Maduro, a former trade union leader who received ideological training in Cuba, represents the hardline, civilian left of the movement. Cabello, an army captain who took part in Hugo Chávez’ 1992 coup, belongs to its military wing, and tends to be more hawkish in public than Maduro. His comrades from the military academy are now well-placed generals.
Friction between the two camps, each of which controls distinct state institutions and sources of revenue, has occasionally surfaced despite largely successful efforts to date to maintain a unified front against the opposition. Cabello is seen by some as hostile to Cuban influence in Venezuela, but whether one of the two is more likely to negotiate remains a matter for speculation.

A whole series of 'Chavistas' have already split with Maduro, most visibly the former Attorney General Luisa Ortega Díaz.

But Gunson says the regime may also hit a financial wall:

The regime’s Achilles heel is its economic and financial crisis, and in particular its crushing foreign debt. Some US$5 billion in debt service payments must be disbursed before the end of this year. A chaotic default would transform the country’s economic landscape and further weaken the government’s international and domestic position.
Much will depend on the posture taken by Venezuela’s key international backers, Russia and China. As a major oil producer, Russia could step in to reduce the impact of future U.S. oil sanctions, while China could increase its financial support for Caracas by extending the debt repayment period, affording the Maduro regime some breathing space. So far, Moscow has reiterated its public stance condemning what it sees as “outside interference”, while Beijing has remained silent.
All sorts of fractures already visible could become wider and civil war is not a hysterical suggestion. Says Gunson, everybody, in particular the Opposition, faces an unpalatable but best option for an end game:
The best outcome would be for the international community to offer members of the regime a safe exit for themselves and for the country as a whole, in exchange for a credible negotiations process that reverses recent governmental decisions. ... Credible assurances should be conveyed to the government’s core leadership that a negotiated exit can include guarantees for their personal safety, and to mid-ranking officials that a transitional justice system can be put in place to prevent witch-hunts.

*******

To cap off what was a terrible week yesterday The Observer published a surreal Editorial which pretty much told regional leaders that they had no right to lecture Venezuela because 'neoliberal'.

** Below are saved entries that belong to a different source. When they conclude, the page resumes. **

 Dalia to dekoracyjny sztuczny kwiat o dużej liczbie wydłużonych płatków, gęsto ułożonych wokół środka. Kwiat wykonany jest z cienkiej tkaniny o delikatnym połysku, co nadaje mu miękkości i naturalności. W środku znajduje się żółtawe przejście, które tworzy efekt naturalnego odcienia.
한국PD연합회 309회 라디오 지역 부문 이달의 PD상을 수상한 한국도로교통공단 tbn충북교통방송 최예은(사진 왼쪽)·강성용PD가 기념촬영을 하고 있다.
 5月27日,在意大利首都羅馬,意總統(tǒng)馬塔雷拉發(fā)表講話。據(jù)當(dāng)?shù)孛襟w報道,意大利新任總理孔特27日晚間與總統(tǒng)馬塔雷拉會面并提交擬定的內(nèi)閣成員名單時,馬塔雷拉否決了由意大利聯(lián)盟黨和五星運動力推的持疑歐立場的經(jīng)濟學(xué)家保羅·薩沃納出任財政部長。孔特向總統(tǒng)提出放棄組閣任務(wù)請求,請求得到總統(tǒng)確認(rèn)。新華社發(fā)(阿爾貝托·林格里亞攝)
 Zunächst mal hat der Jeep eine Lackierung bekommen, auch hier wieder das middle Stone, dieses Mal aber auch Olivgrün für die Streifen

What it suggested anyone actually does was a complete mystery because it's final pretentious line - "Stop harrumphing. Start helping." - led to a review of a book about Chavez in the London Review of Books whose proposed 'solution' appeared to me to be 'bring back Chavez from the dead'.

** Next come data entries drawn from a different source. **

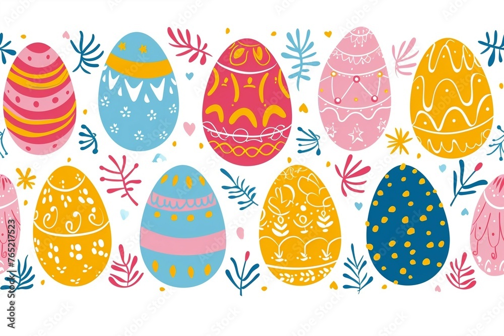 Happy Easter Watercolor Seamless Pattern Multi-colored Easter Eggs Wallpaper Mural - Decorly Solutions | Decorly Solutions
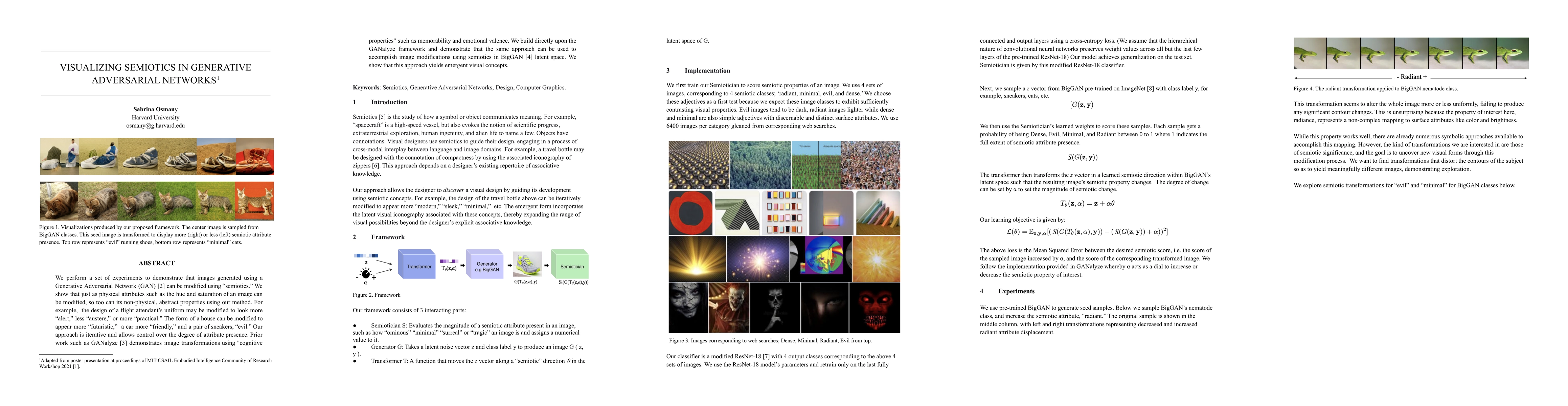 We perform a set of experiments to demonstrate that images generated using a Generative Adversarial Network can be modified using 'semiotics.' We show that just as physical attributes such as the hue and saturation of an image can be modified, so too can its non-physical, abstract properties using our method. For example, the design of a flight attendant's uniform may be modified to look more 'alert,' less 'austere,' or more 'practical.' The form of a house can be modified to appear more 'futuristic,' a car more 'friendly' a pair of sneakers, 'evil.' Our method uncovers latent visual iconography associated with the semiotic property of interest, enabling a process of visual form-finding using abstract concepts. Our approach is iterative and allows control over the degree of attribute presence and can be used to aid the design process to yield emergent visual concepts.
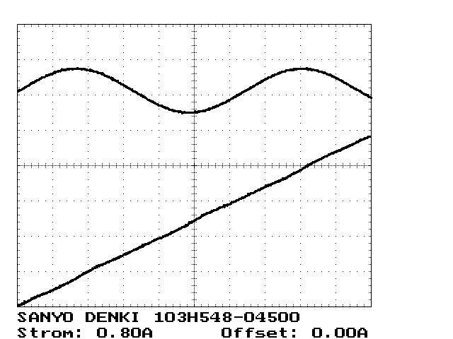 The motor runs smoother than in half step mode but vibrations are not removed completely. A further improvement is possible by a special modification of the current waveform. This is implemented since software version 1.14. For example with this motor the vibrations can be reduced by 50% (not displayed here). |
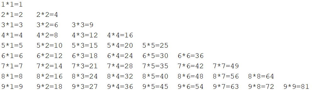 public static void main(String[] args) { for (int i = 1; i <= 9; i++) { for (int j = 1; j <= i; j++) { System.out.print(i + "*" + j + "=" + i * j + "\t"); } System.out.println(); } }
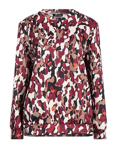 synthetic jersey, camouflage-print, no appliqués, crewneck, long sleeves, stretch, hand wash or dry clean, do not bleach, do not tumble dry
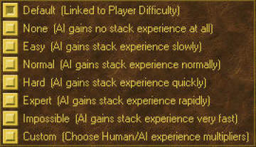| 选择了“部队经验累积”选项后此项才会开启,用于选择电脑部队经验的累积速度。 | |

No, rather than taking the opportunity to bash 'neoliberals', 'socialists' or even (despite the oh-so-strong temptations) Owen Jones what we should all be doing first and foremost is hoping that those Foreign Ministers meeting in Lima tomorrow are successful and from that they can talk, cajole, whatever Maduro down off the cliff edge.

Note:

As I was writing this a statement signed by Corbyn was issued. Apart from the 'both sides' rhetoric and the rote calls to end violence. A couple of things leapt out. Firstly that he was calling for a dialogue which regional leaders are attempting (as I explain) to which he appears completely, blithely unaware of and secondly that he references Macron calling for this rather than, say, an actual Latin American. Corbyn has a very good friend in the Mexican left-wing Presidential candidate Lopez Obrador. What I got a strong whiff off with this statement is that he hasn't called up Obrador to ask 'so what can I do to help?' Solidarity my arse.